See my op-ed on ORMS today:
To decide how we can best get our candidate elected, we need to define our goals as well as any constraints.
Some variables we could include as either goals or constraints:
Likelihood of our candidate winning
Cost
Resources like volunteers
Political capital / Favors (and what they might be worth in the future)
Goals like changing the political discourse on particular topics
Managing campaign promises and the ability to govern if elected.
The meta-problem of getting your candidate elected is largely about understanding how any action you take today / tomorrow / in the future helps your chances on election night. It also often depends on a whole portfolio of candidates and limited resources to support them all. In some cases, campaigns may even be more interested in publicizing issues rather than focusing only on getting elected.
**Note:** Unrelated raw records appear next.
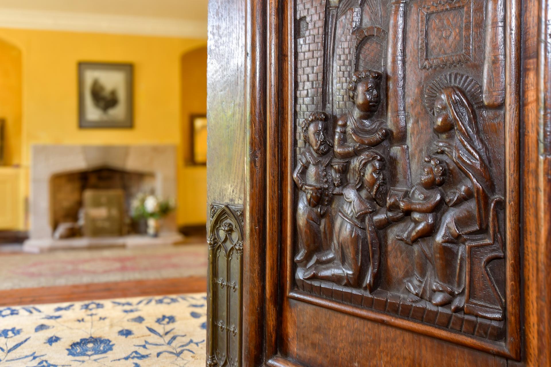 Entering the property through a gravelled drive flanked by ancient stone pillars, the entrance hall immediately impresses with its larch timber floorboards, intricate cornicing, and a striking period fireplace framed by elegant stone arches and columns. To the west lies a grand reception hall with gothic-inspired architectural features and decorative panelling. The dining room exudes historic charm with bespoke carved timber doors, deep sash windows with working shutters, an open fireplace, and a discreet serving hatch to the reception. On the opposite side, the drawing room is bathed in natural light through full-height sash windows opening to the garden, with an open marble fireplace offering a warm focal point. The kitchen/breakfast room combines rustic character and modern convenience, boasting a timber beam feature, a range of fitted appliances, and a stylish electric range cooker. A utility room, plant room, laundry, cloakroom, and cellar access complete the ground floor’s extensive amenities.
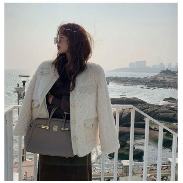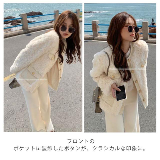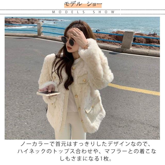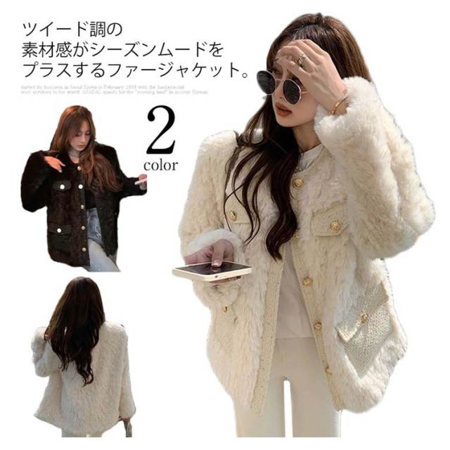 ファージャケット ツイードジャケット レディース 冬 ファーコート 長袖 ショート丈 ノーカラー ジャケット 羽織り 上着 暖かい フェイクファー ジャケット 防寒 アウター コート 上品 エレガント 入園式 卒園式 入学式 卒業式 フォーマル カジュアル オフィス 結婚式 秋冬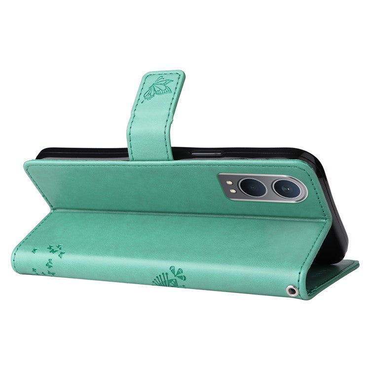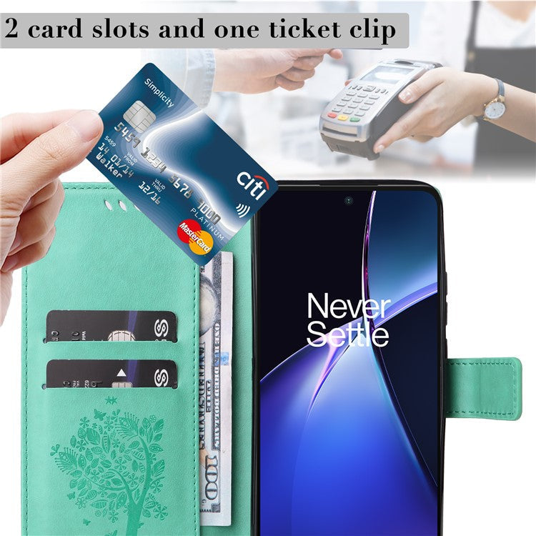 KT Imprinting Flower Series-3 For OnePlus Nord CE4 Lite 5G / Oppo K12x 5G (China) Case Wallet Leather Cat Tree Pattern Phone Cover - Green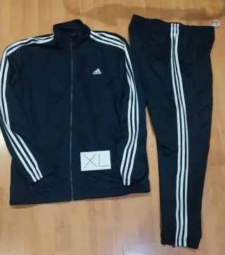 Conjunto deportivo Adidas de dos piezas. - Chaqueta con cremallera completa. - Pantalón a juego. - Diseño clásico con tres rayas en las mangas.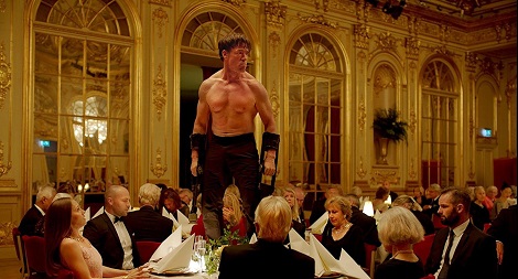 Nakon što su mu vraćene ukradene stvari, Christian se prepušta divljem provodu u taktu elektronske glazbe, vrlo blizu one u kojoj su uživali Jep i društvo – možda čak iste, da bi nakon toga razuzdano društvo preselilo u kraljevske prostorije zatvorene za javnost jer netko od sudionika zabave, poput Sorrentinovih likova, poznaje ključara antiknih prostorija te na kraju kustos, u Jepovoj maniri, završava u krevetu novinarke koja živi s bonobo majmunom. Muzej u kojem Christian uživa ugled dio je kraljevske palače – redatelj je iskoristio ozračje i ambijent Kraljevskog muzeja u Stockholmu. I Talijan i Šveđanin posežu za obrascem konceptualne umjetnosti kako bi se narugali duhovnim normama neoliberalnih zajednica. U oba slučaja, tik do konceptualne umjetnosti dječja je agresija, bijes ili plač.

Depending on how the landscape evolves over time, the choices available to you and opportunities may change dramatically. The uncertainty over time is typically the most significant challenge and campaigns spend many resources on polling to understand the odds.
Assuming we do not know exactly how our choices will impact outcomes, we have an incompletely defined problem to take actions over the planning horizon. If we knew exactly how our actions would impact both our opponent and our outcomes, the problem would be completely defined with a single right answer. But since it is an incompletely defined problem there could be multiple right answers depending on our priorities.
And so to solve the meta-problem we primarily need a model of uncertainty and how our decisions can impact that uncertainty. Depending on the result, we can identify our best actions today and in the future to achieve a better solution to the meta-problem.